I made my first fishing trip to 3 mile bridge last night. I arrived about 7PM with little idea of what part of the bridge to fish and the best methods there. I started about 1/2 way down fishing on the left side, near a light under the bridge. I had a couple poles, one larger with a larger hook and bait (I brought a cup of dead shrimp I bought at Outcast) and the other pole was smaller I just dropped the line down under the light. I cast the larger pole out and had a couple really good strikes in the first hour, but never got the hook set. The smaller pole caught some pinfish and a small speckled trout, less than a foot long. About 9 PM I moved to the other side of the bridge, facing the other bridge. I started getting lots of bites and caught a croaker and a fish I couldn't identify, it reminded me of a cusk back in Maine. I was getting bites but was out of shrimp by 930 and called it a night. I had also been using some pieces of pin fish I had cut into pieces, but it wasn't nearly as effective as the shrimp.

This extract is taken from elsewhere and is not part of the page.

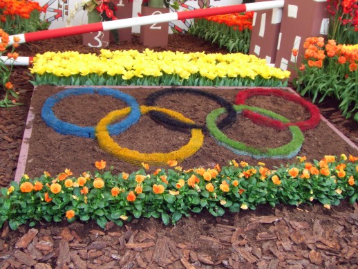 Das olympische Blumenfeuer darf natuerlich auch nicht fehlen.

All in all, I learned a few things and will be better prepared for my next trip there, which may be tonight.


----------



## SpeedoJosh (Jun 15, 2013)

Did you keep the croaker? They make good bait.


----------



## chaps (Aug 31, 2009)

Use that live croaker and pinfish for bait


----------



## BananaTom (Feb 16, 2008)

I use artificial bait, The New Penny Gulp.

Then after after about 20 white trout, start cutting them up.

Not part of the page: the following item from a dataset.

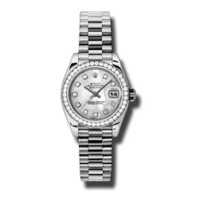 Platinum case with a platinum rolex president bracelet. Fixed - platinum diamond-set bezel. Mother of pearl dial with silver tone hands and diamond hour markers. Diamonds. Dial Type: Analog. Date display at the 3 o'clock position. Automatic movement, Rolex calibre 2235 engine with about 48 hours power reserve. Scratch resistant sapphire crystal. Screw down crown. Solid case back. Case diameter: 26 mm. Round case shape. Concealed crown clasp. Water resistant at 100 meters / 330 feet. Functions: date, hour, minute, second. Luxury watch style. Watch label: Swiss Made. Rolex Lady-Datejust 26 Mother Of Pearl Dial Platinum President Automatic Ladies Watch 179136MDP. GENERAL Color: Mother of pearl / Platinum INFORMATION Brand: Rolex Series: Lady Datejust Collection Name: Lady Datejust Gender: Womens Model: 179136MDP Watch Label: Swiss Made Movement: Automatic Engine: Rolex Calibre 2235 Power Reserve: 48 hours CASE Case Size: 26 mm Case Color: Grey Case Material: Platinum Case Shape: Round Case Back: Solid BAND Band Material: Platinum Rolex President Band Type: Bracelet Band Color: Grey Clasp: Concealed Crown DIAL Dial Color: Mother Of Pearl Type: Analog Crystal: Scratch Resistant Sapphire Hands: Silver tone Dial Markers: Diamond Second Markers: Diamonds Bezel: Fixed Bezel Color: Platinum Bezel Material: Diamond Set Crown: Screw Down FEATURES Water Resistance: 100 meters / 330 feet Calendar: Date display at the 3 o'clock position Functions: Date, Hour, Minute, Second, Chronometer Watch Features: Diamond, Chronometer, Platinum, Analog ADDITIONAL INFO Watch Style: Luxury Warranty: 2 Year Jomashop Warranty UPC Code: 845960040525 Jomashop Sku: RLX179136MDP Department: Watches Category: Watches

Butterfly one, and free line for a big bull red encounter.

Gotta be over structure.


----------



## aquatic argobull (Mar 2, 2009)

Throw anything you catch (pinfish, croaker, trout) on a big hook under a light and you'll hook up a monster redfish. Don't know how you'll get it up without a net, though. Those suckers are big.


----------



## soup4smitty (Sep 13, 2014)

I went back to 3MB tonight, about the same times, 7 to 930. I caught a bunch of pin fish and a few small white trout. Nothing to brag about. I do not have good enough gear to fish for red fish or anything big. I will have better tackle when I come back next month. There were more people fishing tonight, but I didn't see anything big caught. I did see a nice mangrove snapper and a big lady fish, but no red fish any where there.


----------